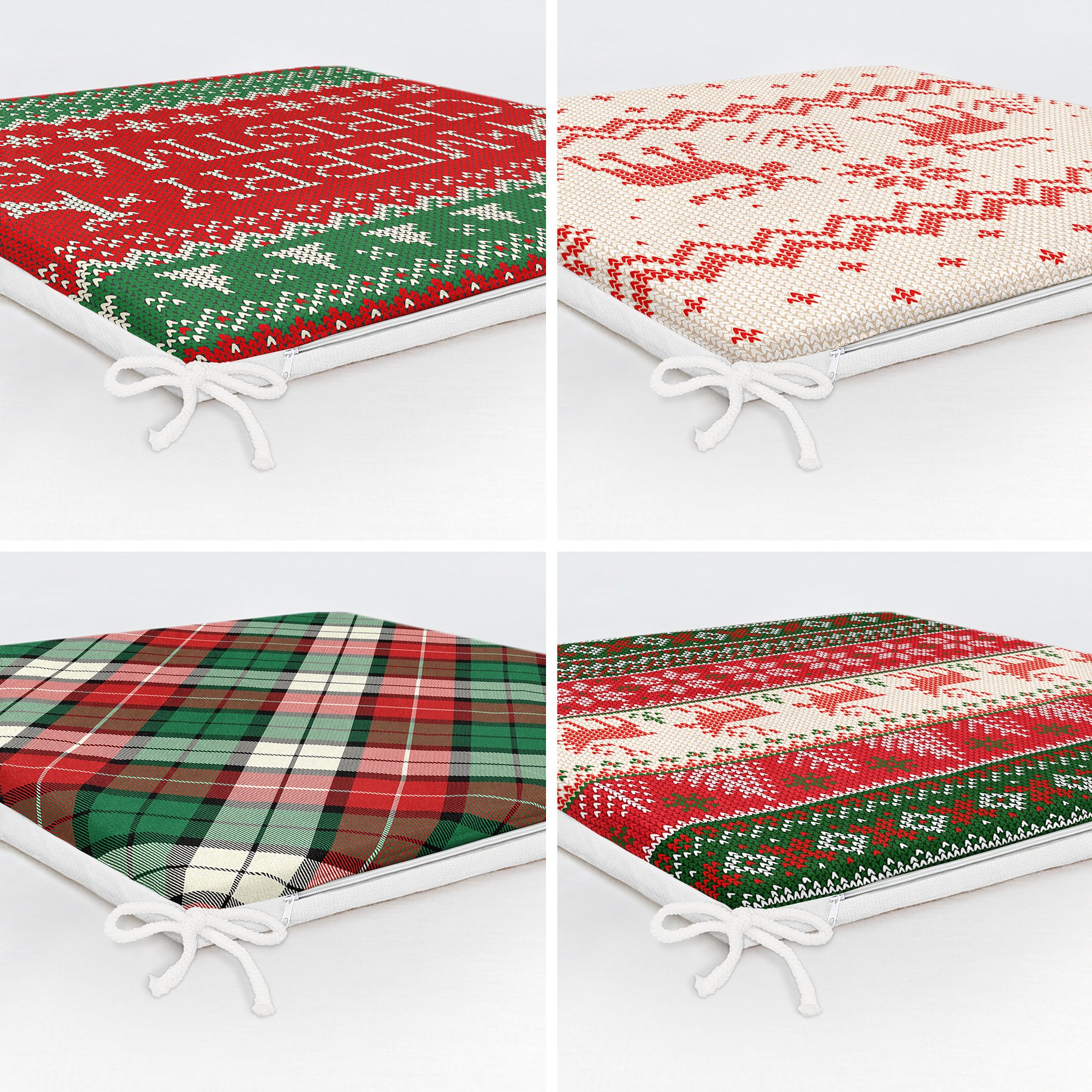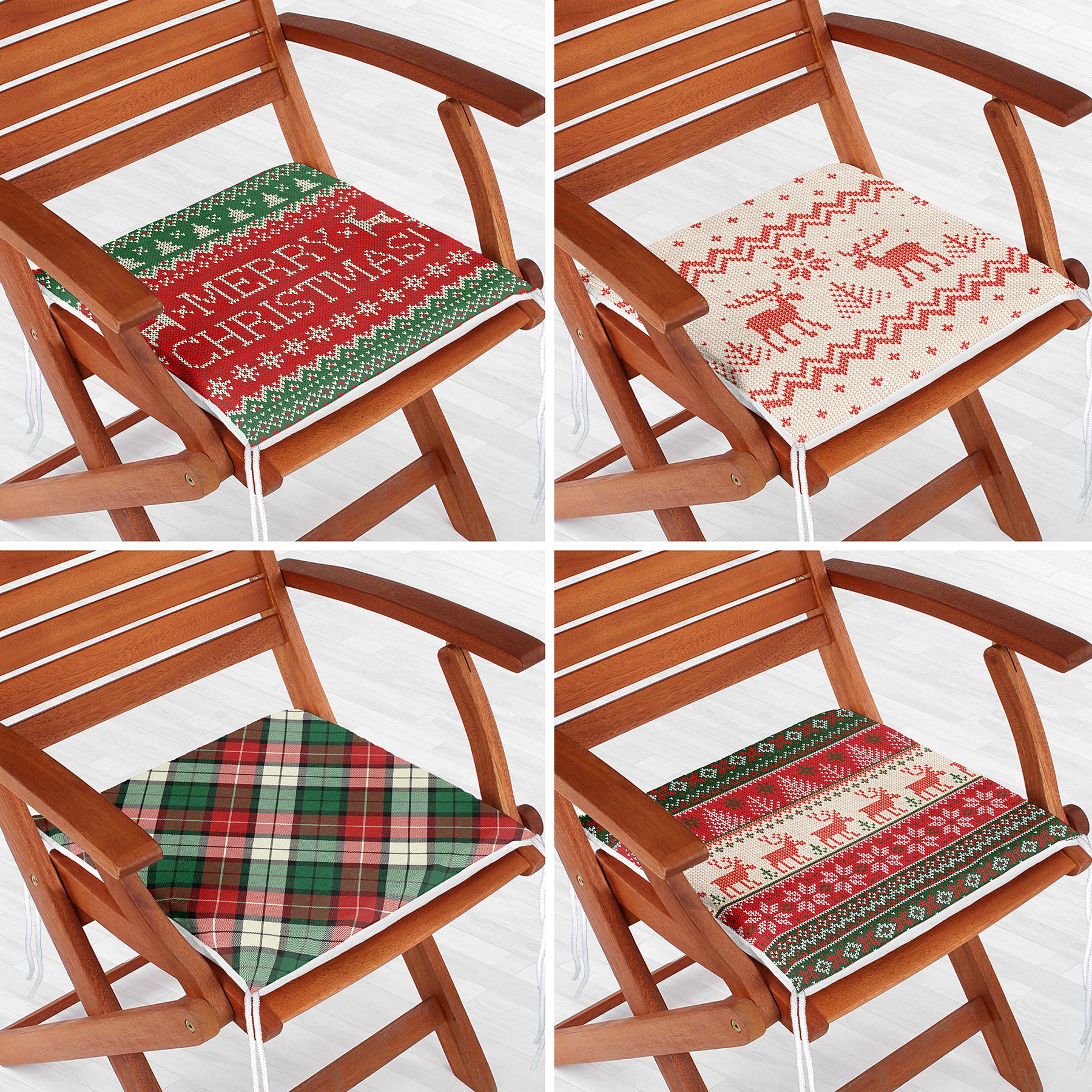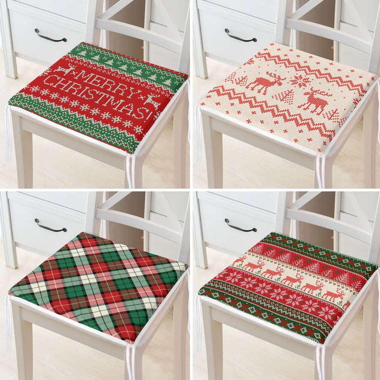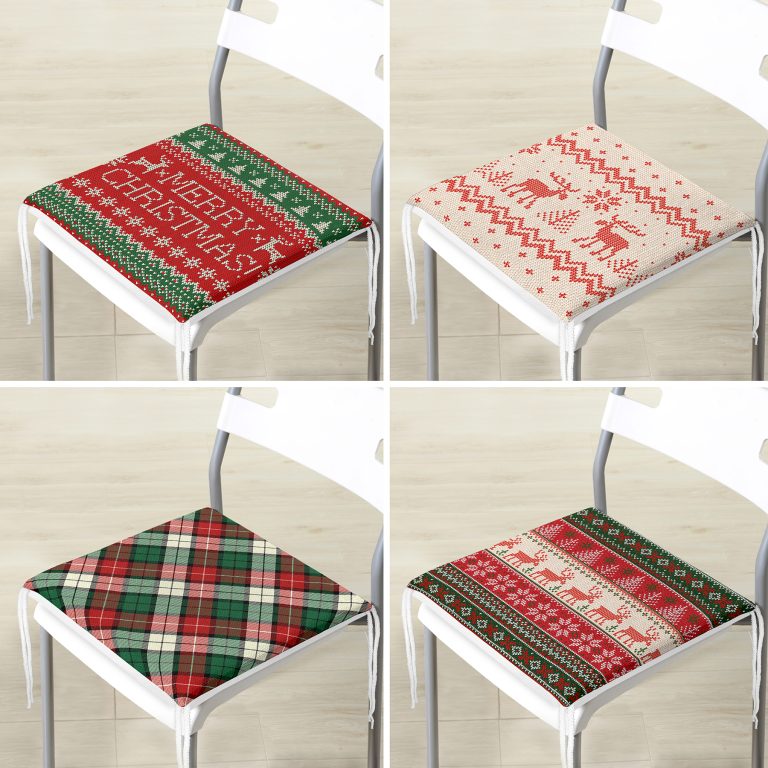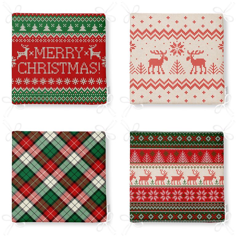 4’lü Kırmızı Yeşil Renk Tonlarında Geyik ve Ekose Temalı Fermuarlı Sandalye Minderi Seti
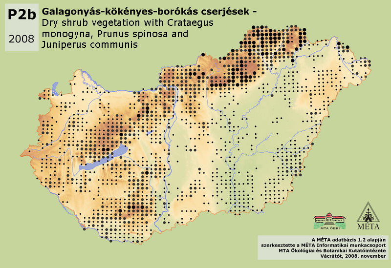 Mostly secondary shrublands or shrubland-grassland mosaics of dry and warm areas, dominated by Crataegus monogyna and/or Prunus spinosa, more infrequently by Juniperus communis. The closure of the shrub vegetation reaches 50%, and within this, the ratio of trees is under 50%. The total area of the habitat is almost 40000 ha in Hungary. It occurs with the greatest extension (23000 ha) in the hilly lower parts and on the foothills of the Északi-középhegység. The habitat is also frequent in the Dunántúli-középhegység (5000 ha), and on Dél-Dunántúl (6000 ha, mainly in its south-eastern part). Also many occurrences are known from Alföld (4000 ha), from Nyugat-Dunántúl (1000 ha) and from Kisalföld (400 ha). This dry shrub vegetation is connected to land-use changes; it develops especially on those man-made (semi-)dry grasslands that were formerly grazed and/or mowed, and their use was later abandoned.
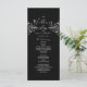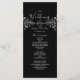 Élégant, moderne, classique noir et blanc programme de mariage avec coeur de corde argentée et élégante dentelle florale élégante dorée argentée.
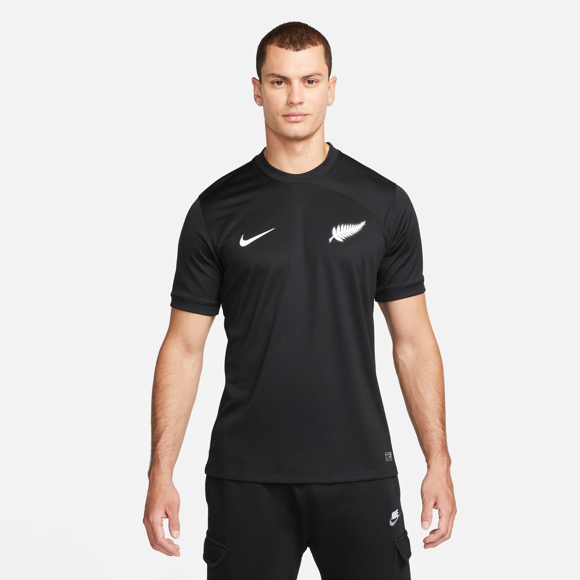 NEW ZEALAND AWAY BLACK SHIRT 2022-23 - Image 1New Zealand 2022/23 Stadium Away Men's Nike Dri-FIT Soccer Jersey Like other jerseys from our Stadium collection, this one pairs replica design details with sweat-wicking fabric to give you a game-ready look inspired by your favorite team. Nike Dri-FIT technology moves sweat away from your skin for quicker evaporation, helping you stay dry and comfortable. Replica design is modeled after what the pros wear on the field. More Details Standard fit for a relaxed, easy feel 100% polyester
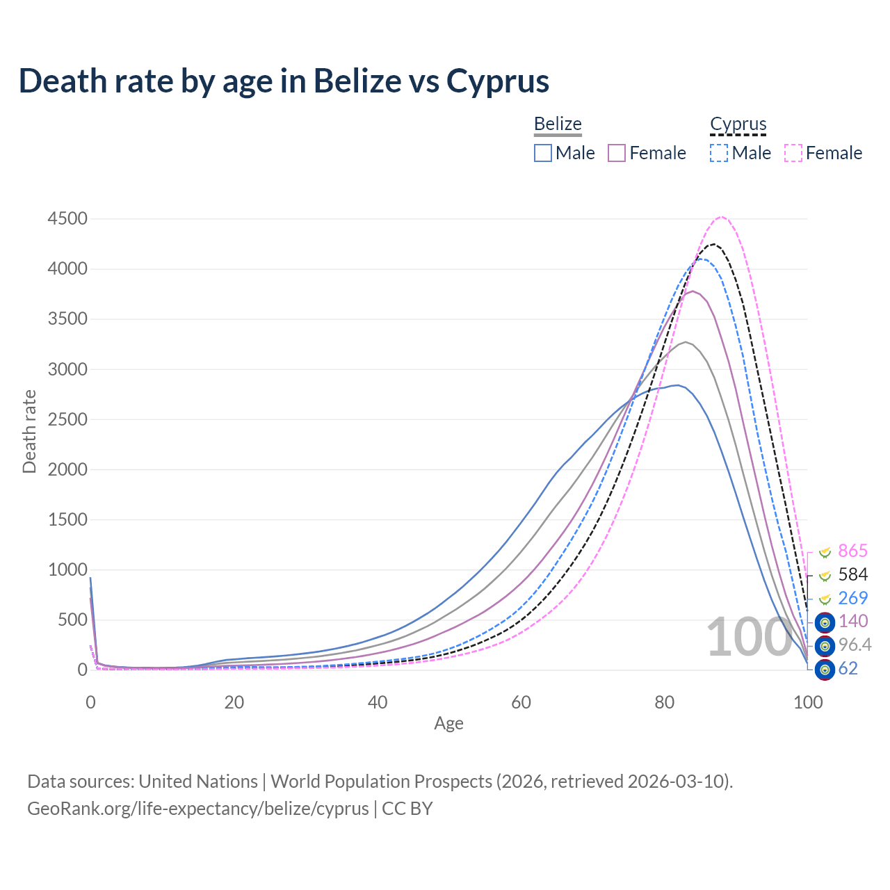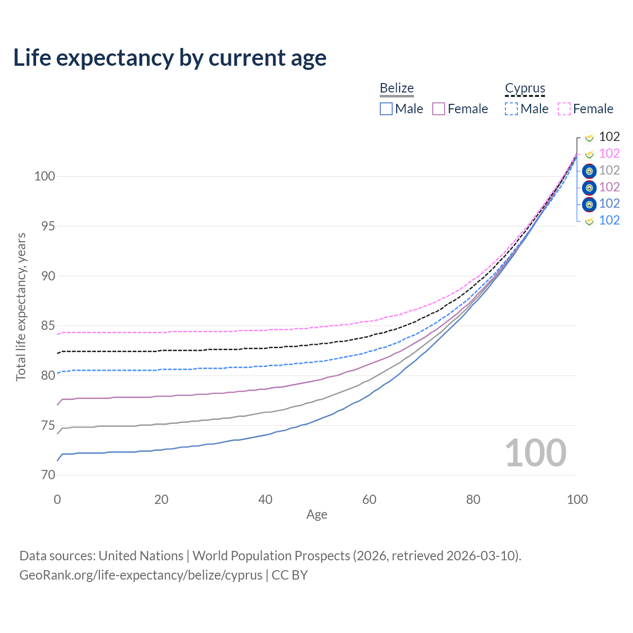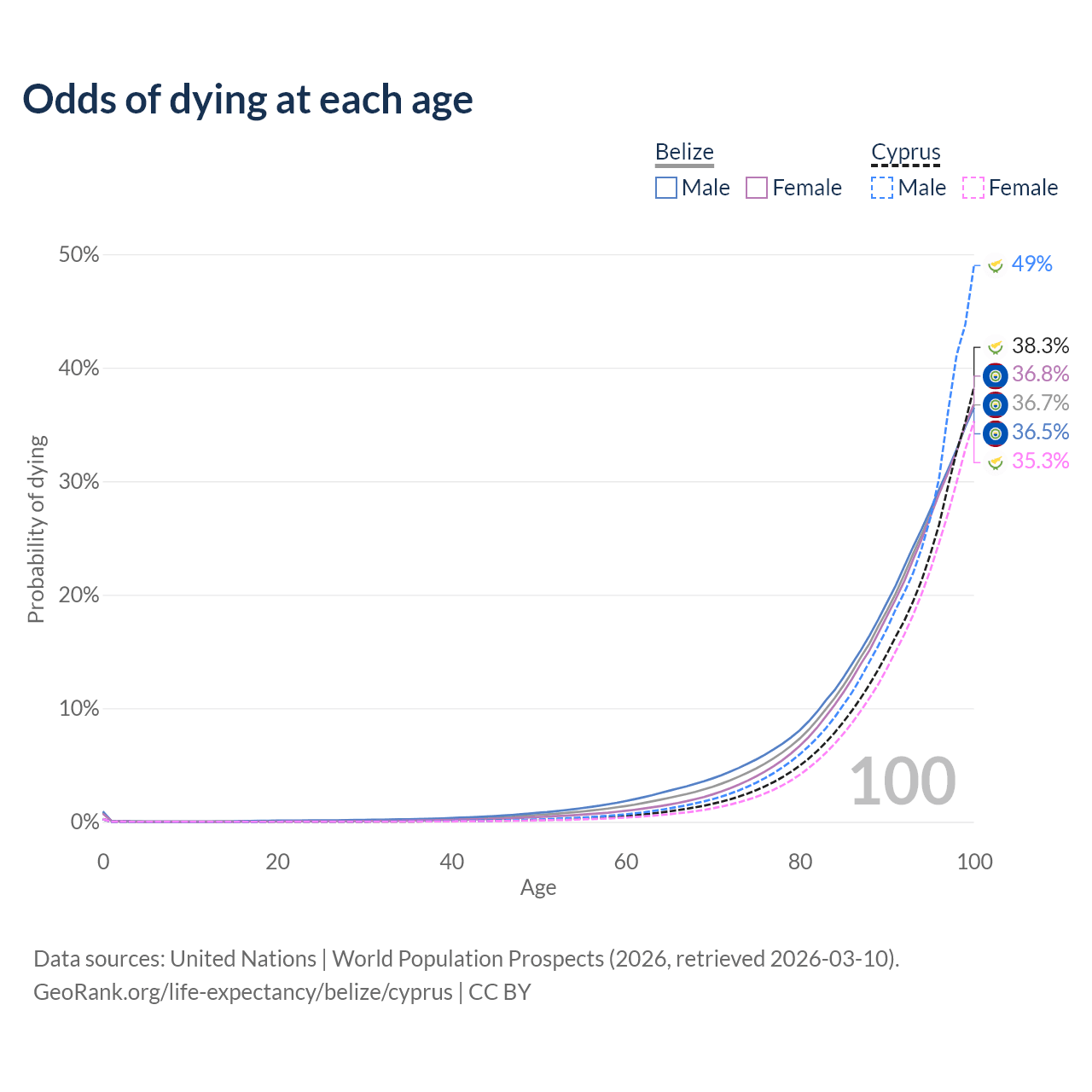This life expectancy calculator shows the odds of living to 100, 95, 90, and below based on current age for both males and females in Belize and Cyprus, along with mean and median age of death. The calculations are based on the 2026 life tables (actuarial tables) from the UN World Population Prospects.
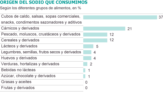Según la Agencia Española de Seguridad Alimentaria y Nutrición (Aesan), el 72% de la sal se ingiere por las comidas preparadas. Es la llamada "sal oculta" porque se encuentra en los alimentos procesados. A veces ni siquiera somos conscientes de ella, pero está ahí. De hecho muchas personas dicen que no toman sal, pero se refieren a la sal añadida con el salero a la comida, no a la sal oculta.
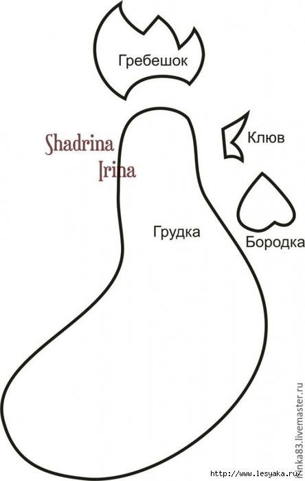 6. Затем вырезаем по шаблону из красного фетра: гребешок, клюв и бородку.

● ● ● ● ● ● ●

**BRIEF:** Write the lines above out again exactly, without any of their pictures.

**ANSWER TO THIS PROBLEM:**
 4’lü Kırmızı Yeşil Renk Tonlarında Geyik ve Ekose Temalı Fermuarlı Sandalye Minderi Seti
 Mostly secondary shrublands or shrubland-grassland mosaics of dry and warm areas, dominated by Crataegus monogyna and/or Prunus spinosa, more infrequently by Juniperus communis. The closure of the shrub vegetation reaches 50%, and within this, the ratio of trees is under 50%. The total area of the habitat is almost 40000 ha in Hungary. It occurs with the greatest extension (23000 ha) in the hilly lower parts and on the foothills of the Északi-középhegység. The habitat is also frequent in the Dunántúli-középhegység (5000 ha), and on Dél-Dunántúl (6000 ha, mainly in its south-eastern part). Also many occurrences are known from Alföld (4000 ha), from Nyugat-Dunántúl (1000 ha) and from Kisalföld (400 ha). This dry shrub vegetation is connected to land-use changes; it develops especially on those man-made (semi-)dry grasslands that were formerly grazed and/or mowed, and their use was later abandoned.
 Élégant, moderne, classique noir et blanc programme de mariage avec coeur de corde argentée et élégante dentelle florale élégante dorée argentée.
 NEW ZEALAND AWAY BLACK SHIRT 2022-23 - Image 1New Zealand 2022/23 Stadium Away Men's Nike Dri-FIT Soccer Jersey Like other jerseys from our Stadium collection, this one pairs replica design details with sweat-wicking fabric to give you a game-ready look inspired by your favorite team. Nike Dri-FIT technology moves sweat away from your skin for quicker evaporation, helping you stay dry and comfortable. Replica design is modeled after what the pros wear on the field. More Details Standard fit for a relaxed, easy feel 100% polyester
This life expectancy calculator shows the odds of living to 100, 95, 90, and below based on current age for both males and females in Belize and Cyprus, along with mean and median age of death. The calculations are based on the 2026 life tables (actuarial tables) from the UN World Population Prospects.
Según la Agencia Española de Seguridad Alimentaria y Nutrición (Aesan), el 72% de la sal se ingiere por las comidas preparadas. Es la llamada "sal oculta" porque se encuentra en los alimentos procesados. A veces ni siquiera somos conscientes de ella, pero está ahí. De hecho muchas personas dicen que no toman sal, pero se refieren a la sal añadida con el salero a la comida, no a la sal oculta.
 6. Затем вырезаем по шаблону из красного фетра: гребешок, клюв и бородку.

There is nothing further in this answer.